Haven’t the customers they are catering to never heard of ecommerce players Amazon and Flipkart already selling large home appliances?

Is it a niche Bihar/UP hinterland/smalltown only phenomena? Does it mean there is scope for them to target the North East at some point?

Is the company banking on the fact that because ecommerce doesn’t have a physical presence, after sales is out of the question and therefore customers are hopelessly resigned to buying from a physical store?

(It’s actually the opposite for me personally. I can state for a fact that because of poor customer service from the local electronics retailer I have shifted to an all ecommerce only home appliance purchases long time back and have never looked back!)

Or is large appliances delivery pin code specific so hasn’t penetrated hinterlands?

Not sure if you would want to share your thoughts on this as you seem to understand the business, especially if it’s a core holding for you.

But would certainly love to understand the customer profile they are targeting given that for most categories of retail, online/ecommerce is such a big threat that malls barely have footfalls and customers do not buy much even where there are footfalls.

Am I missing something in terms of consumption in Bharat, is what I am wondering.

Or is this company like the Zudio for consumer electronics but co-existing despite the threat of ecommerce?

2 Likes

U r making an assumption which is not correct ( IMHO ). Eg - I live in Chandigarh. I have never bought a consumer durable costing > 5k via online sources. And I know a lot of people ( even younger ) who do the same. Actually, if the delivered item has a fault / flaw / snag - just the thought of returning it and waiting again for a fresh delivery is a nightmare for me ( personally )

That won’t happen with a local Croma, Reliance Retail, Aditya Vision, Vijay Sales etc. U can get it replaced on the spot. That’s also probably the reason that all these guys r doing great business

Second - there r consumer like me ( yes we do exist ) who just can’t buy without touch and feel ( except in case of groceries / small ticket items. Eg - all my groceries come from BlinkIt and literally nothing meaningful comes from a nearby supermarket )
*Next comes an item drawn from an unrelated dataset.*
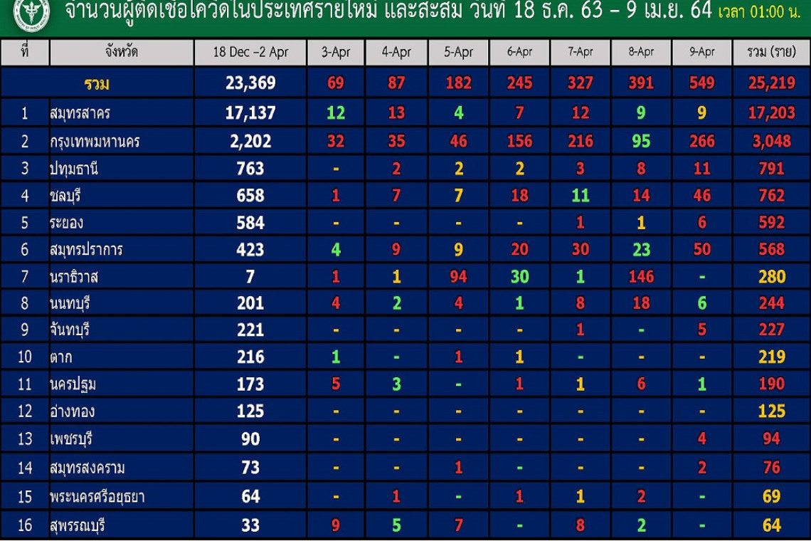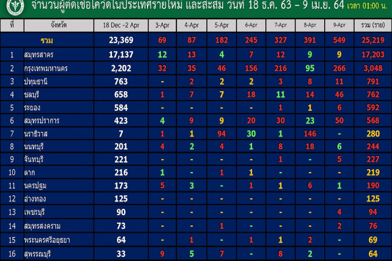 อันดับ 1 สมุทรสาคร รายใหม่เพิ่ม 9 ยอดรวม 17,203 ราย (เพิ่มเท่ากับเมื่อวานที่ 9 ราย)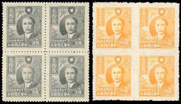 1947 Sun Yat-Sen, the unissued 30c grey and $7.50 orange in blocks of four, a few trivial tones which in no way detract from these rare multiples, unused without gum as printed.

These r some of my thoughts :grimacing:

2 Likes

Thanks for the inputs :folded_hands:

Via ecommerce for a consumer durable costing 5k or more let’s say via Flipkart or Amazon my experience so far has been, depending on the warranty period- doorstep repair, replacement, pick and drop or refund.

All of this typically also happens at a far lower MRP, unlike at a retail shop where this warranty is priced in.

So at some point the customer is likely to figure out the difference.

But then these are assumptions based on my personal experience.

I get the point about touch and feel being important for customers as well.

That is why I am trying to understand if consumer durables buying from a retail store would be a structural trend like the Zudio success (which I also mentioned above) in tier 2+ despite Myntra/Meesho or risks going the online way if customers find the online experience better.

I personally shifted to online buying primarily due to poor retail shop after sales. Good to note that it’s far better these days.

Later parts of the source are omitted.